Dataset excerpts:
==========

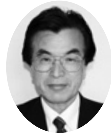
広渡 輝男 議員

広渡 JR海老津駅周辺環境プロジェクトの企業、教育、研究施設等の誘致、中心市街地活性化や、駅周辺環境整備の取り組み状況を尋ねます。
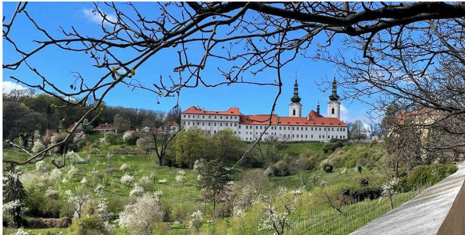
Strahov Kloster mit Prunksälen der Bibliothek

Nach einem kurzweiligen Spaziergang durch die Natur erreichen Sie den Petřín (deutsch Laurenziberg) und fahren mit der Standseilbahn in die Altstadt Prags zurück. Gestalten Sie den Rest des Tages ganz nach Ihrem Gusto und genießen Sie Ihren Abend in Prags Altstadt.
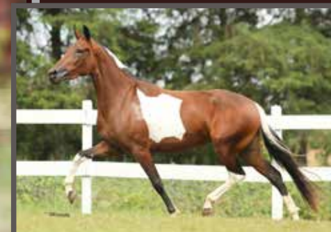
Sua mãe, Desenhada dos Bugres
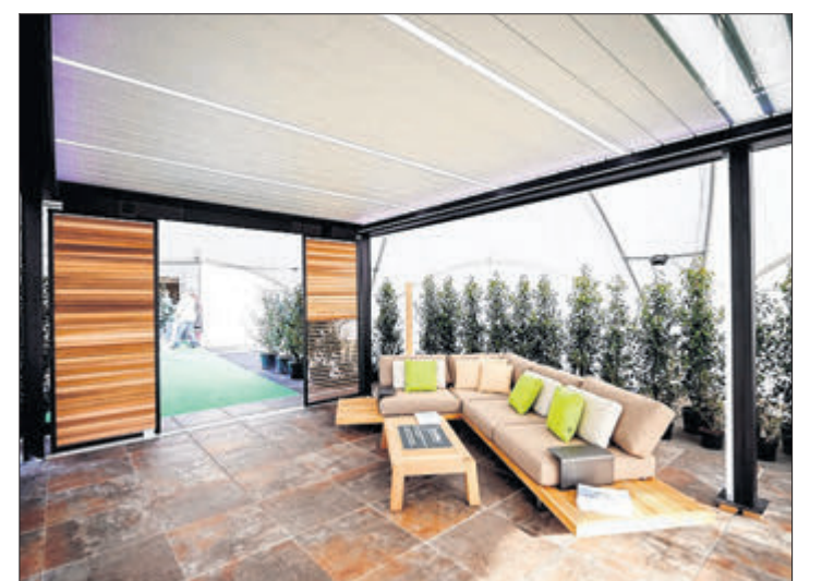
Individuelle Wohnkultur findet heute auch erkennbar ihren Niederschlag in der Gestaltung des hauseigenen „open air“.

Vier Wohn„angebote“, gruppiert um einen gemeinsamen Garten, der für das „Kollektiv“ steht, zu dem sich die Bewohner ungeachtet ihrer unterschiedlichen Philosophie zusammenfinden können. Und in ihrer individuellen Inspiration von den Vorzügen der Wohnkultur des Nachbarn profitieren.
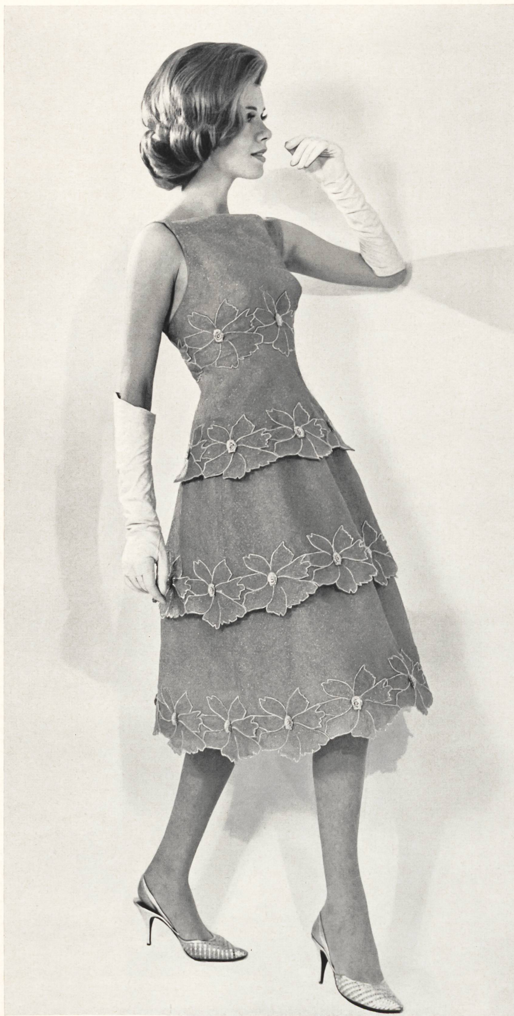
JEAN DESSES Broderie métal de Forster Willi & Co., Saint-Gall Grossiste à Paris: Les Tisseurs B de M
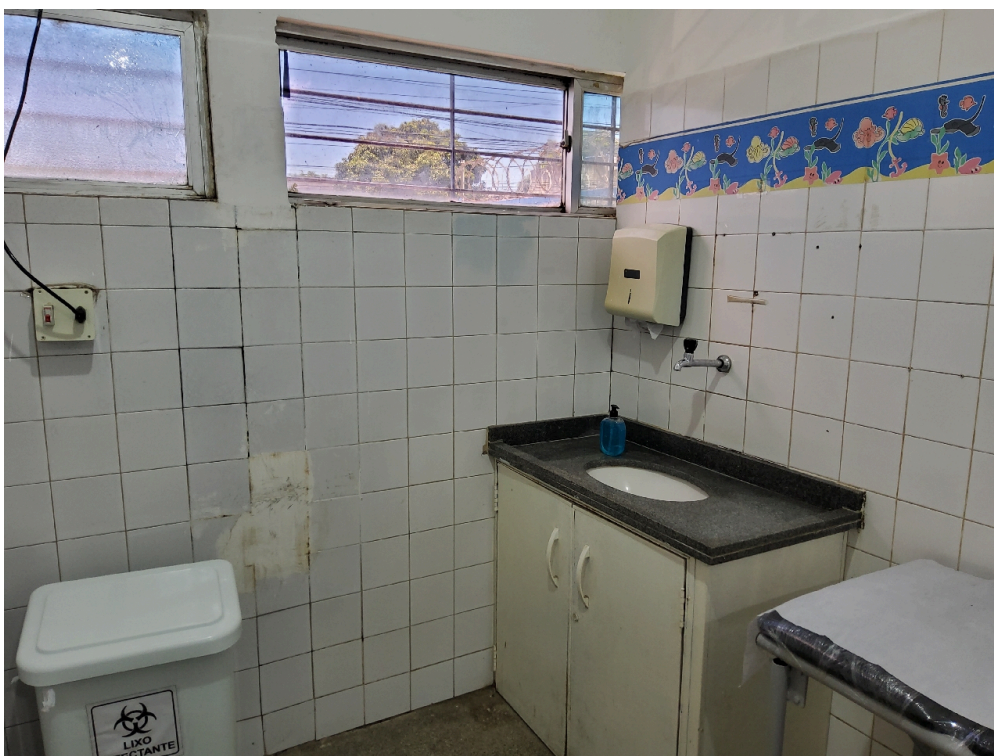
ESTRUTURA DA UNIDADE - Consultório Médico
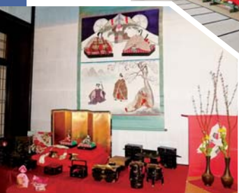
珍しい雛人形にも出会えます
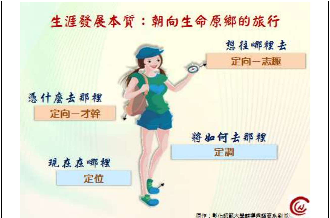
圖：每個人都是自己生涯歸鄉之旅的生涯專案籌劃與管理師
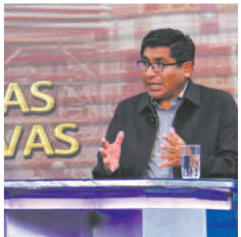
El ministro de Producción, Néstor Huanca, en entrevista con Bolivia TV.

MILLONES DE BOLIVIANOS de inversión se ejecutan para las 43 nuevas industrias.
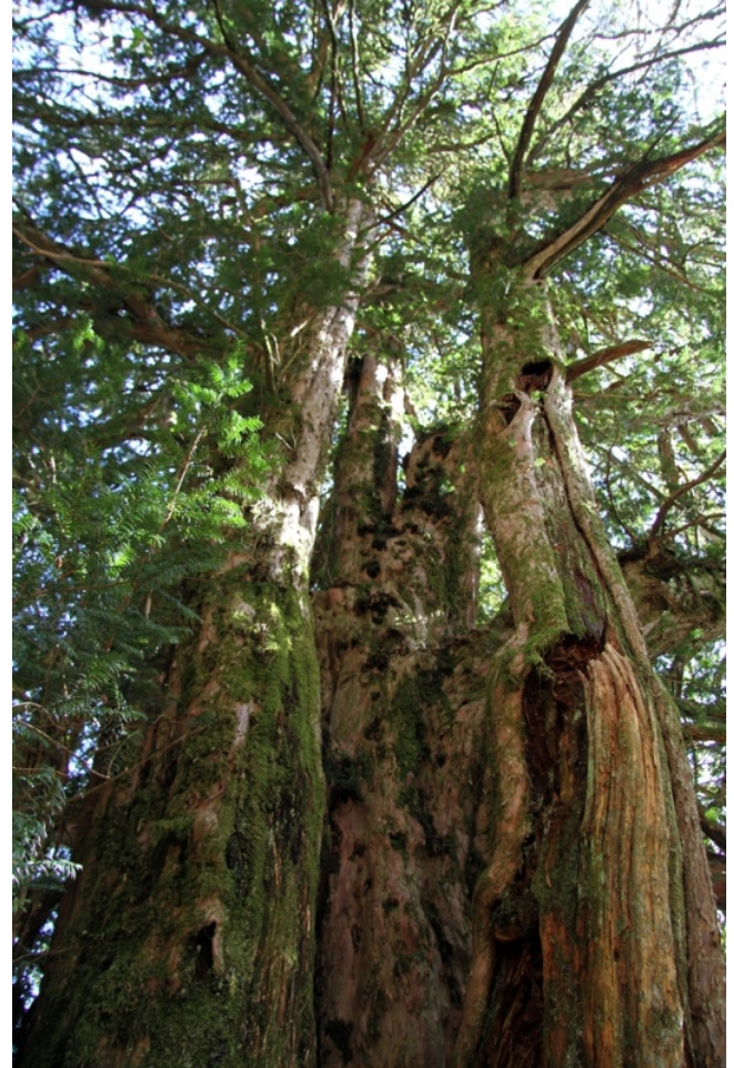
Teixo dos "Sete Homes"

A Devesa da Escrita ou de Paderne está situada nas abas que dan cara ao norte da penas da Escrita, unha prolongación da serra de Lúzara. É un bosque mixto de carballos, teixos, acivros, capudres... e nas proximidades das zonas húmidas bidueiros, salgueiros... cunha rica diversidade de plantas de sotobosque e fauna. Na zona de rochas calcáreas hai aciñeiras e no contorno do bosque mato de uces.

==========

Give back all the data exactly, minus pictures.

広渡 輝男 議員

広渡 JR海老津駅周辺環境プロジェクトの企業、教育、研究施設等の誘致、中心市街地活性化や、駅周辺環境整備の取り組み状況を尋ねます。
Strahov Kloster mit Prunksälen der Bibliothek

Nach einem kurzweiligen Spaziergang durch die Natur erreichen Sie den Petřín (deutsch Laurenziberg) und fahren mit der Standseilbahn in die Altstadt Prags zurück. Gestalten Sie den Rest des Tages ganz nach Ihrem Gusto und genießen Sie Ihren Abend in Prags Altstadt.
Sua mãe, Desenhada dos Bugres
Individuelle Wohnkultur findet heute auch erkennbar ihren Niederschlag in der Gestaltung des hauseigenen „open air“.

Vier Wohn„angebote“, gruppiert um einen gemeinsamen Garten, der für das „Kollektiv“ steht, zu dem sich die Bewohner ungeachtet ihrer unterschiedlichen Philosophie zusammenfinden können. Und in ihrer individuellen Inspiration von den Vorzügen der Wohnkultur des Nachbarn profitieren.
JEAN DESSES Broderie métal de Forster Willi & Co., Saint-Gall Grossiste à Paris: Les Tisseurs B de M
ESTRUTURA DA UNIDADE - Consultório Médico
珍しい雛人形にも出会えます
圖：每個人都是自己生涯歸鄉之旅的生涯專案籌劃與管理師
El ministro de Producción, Néstor Huanca, en entrevista con Bolivia TV.

MILLONES DE BOLIVIANOS de inversión se ejecutan para las 43 nuevas industrias.
Teixo dos "Sete Homes"

A Devesa da Escrita ou de Paderne está situada nas abas que dan cara ao norte da penas da Escrita, unha prolongación da serra de Lúzara. É un bosque mixto de carballos, teixos, acivros, capudres... e nas proximidades das zonas húmidas bidueiros, salgueiros... cunha rica diversidade de plantas de sotobosque e fauna. Na zona de rochas calcáreas hai aciñeiras e no contorno do bosque mato de uces.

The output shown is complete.